Im konkreten Fall wäre es Pink Floyd dabei lieb, wenn der Plattenvertrag und seine Ausführungen sich auch auf die Online-Welt beziehen. Die Musiker haben für laut Vertrag das Recht, den Verkauf von ausgekoppelten Musikstücken zu verbieten. Nur die vollständigen Alben dürfen produziert und verkauft werden. Doch in der MP3-Welt des Internet sind auch einzelne Musikstücke zu haben. Denn EMI als Vertragspartner der Band sieht diese Regelung nur für Platten und CDs verbindlich.

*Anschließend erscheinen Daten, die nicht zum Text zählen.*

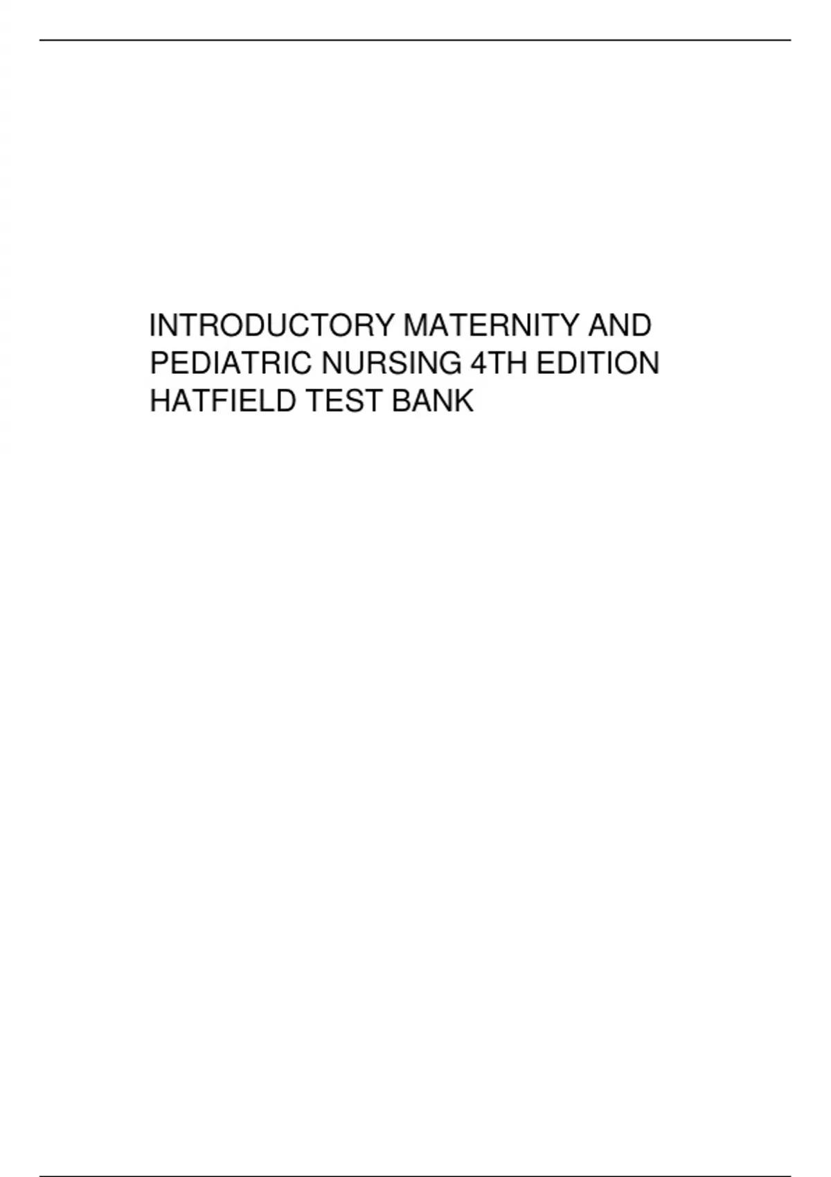 Get fully prepared for your nursing exams with the verified test bank for Introductory Maternity and Pediatric Nursing, 4th Edition by Gloria Leifer Hatfield. This comprehensive test bank covers essential topics in maternity and pediatric nursing, including prenatal care, labor and delivery, newborn care, pediatric health assessments, common childhood diseases, and family-centered nursing care. The test bank includes multiple-choice, true/false, and application-based questions with accurate answers and clear rationales. Perfect for nursing students in maternity and pediatric courses, this professionally formatted test bank is instantly downloadable and ideal for exam preparation.
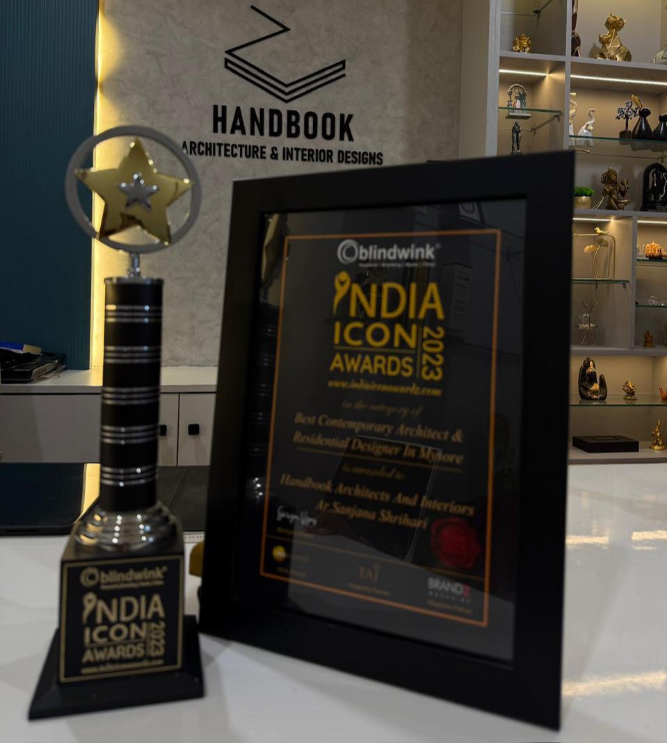 Handbook Architects and Interiors, led by Ar. Sanjana Shrihari, proudly received the India Icon Award 2023 by Blindwink for Best Contemporary Architect & Residential Designer in Mysore.This recognition reflects our strength in modern, functional residential design and our commitment to innovation, quality, and client satisfaction.
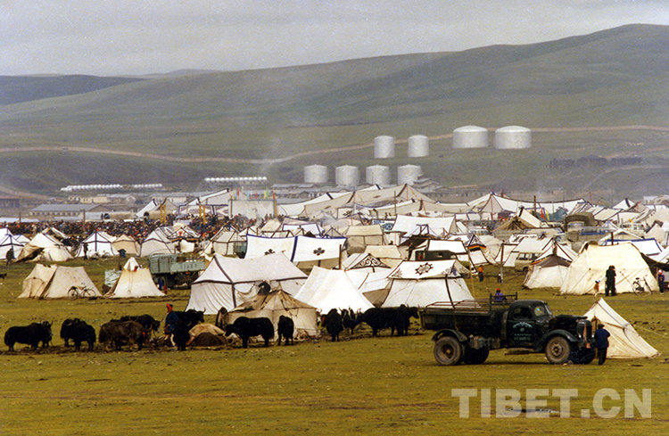 在那曲賽馬盛會上,臨時搭建起的帳篷城(唐召明1987年攝)
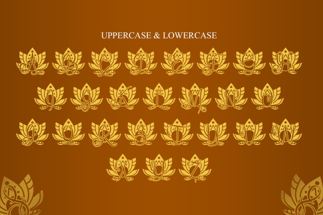 Rise Lotus Mandala Monogram is an ornamental monogram font that blends the delicate beauty of lotus petals with the harmony of mandala symmetry. Designed to symbolize personal growth, awakening, and creative expansion, this font brings an uplifting spirit to any design. Perfect for wellness branding, motivational prints, invitations, journals, or holistic product packaging, it’s both artistic and meaningful.
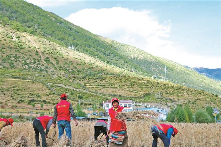圖為朗縣拉多鄉(xiāng)新時(shí)代文明實(shí)踐巾幗志愿服務(wù)隊(duì)的隊(duì)員們正在幫助村民收割青稞。胡照躍 攝
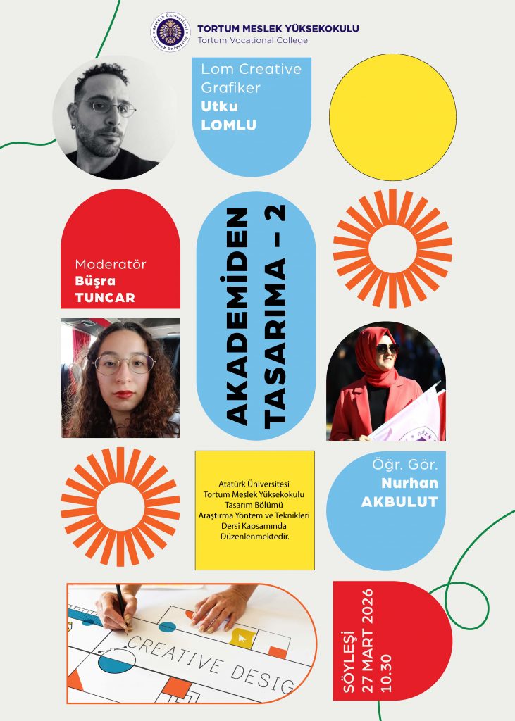“Araştırma Yöntem ve Teknikleri” dersi kapsamında, öğrencilerimizin bilimsel bakış açılarını geliştirmek amacıyla düzenlenen “Akademiden Tasarıma 2” başlıklı söyleşi etkinliğimizin konuğu Grafiker Utku LOMLU olacaktır.
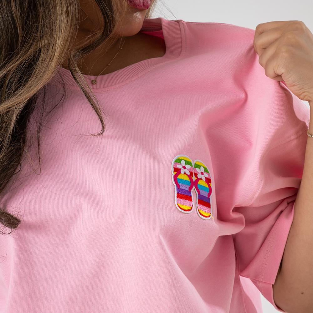امنحِ لإطلالتك لمسة من المرح والأناقة مع تيشيرت وردي سليبر قطن بوليفارد، تصميمه العصري وتطريزه الفريد يجعل منكِ محط الأنظار في كل مكان، حيث يبرز أسلوبك المميز وروحك المرحة.

Ein sicher wichtiger Streitpunkt und die Musiker wollen wissen, "wo sie in Folge des Vertrages stehen". Grundsätzlicher Natur scheint der Streit aber ansonsten nicht. Weder aus geschäftlicher noch aus juristischer Sicht. In der Vergangenheit wollten Musiker nicht unbedingt immer, dass die Vertragsklauseln eines Offline-Vertrages auch die Online-Vermarktung regeln. Viele Rechteinhaber (auch Nicht-Musiker) verlangen vielmehr eine separate Aushandlung der Online-Rechte. Das hat Pink Floyd wohl bisher nicht ausführlich getan.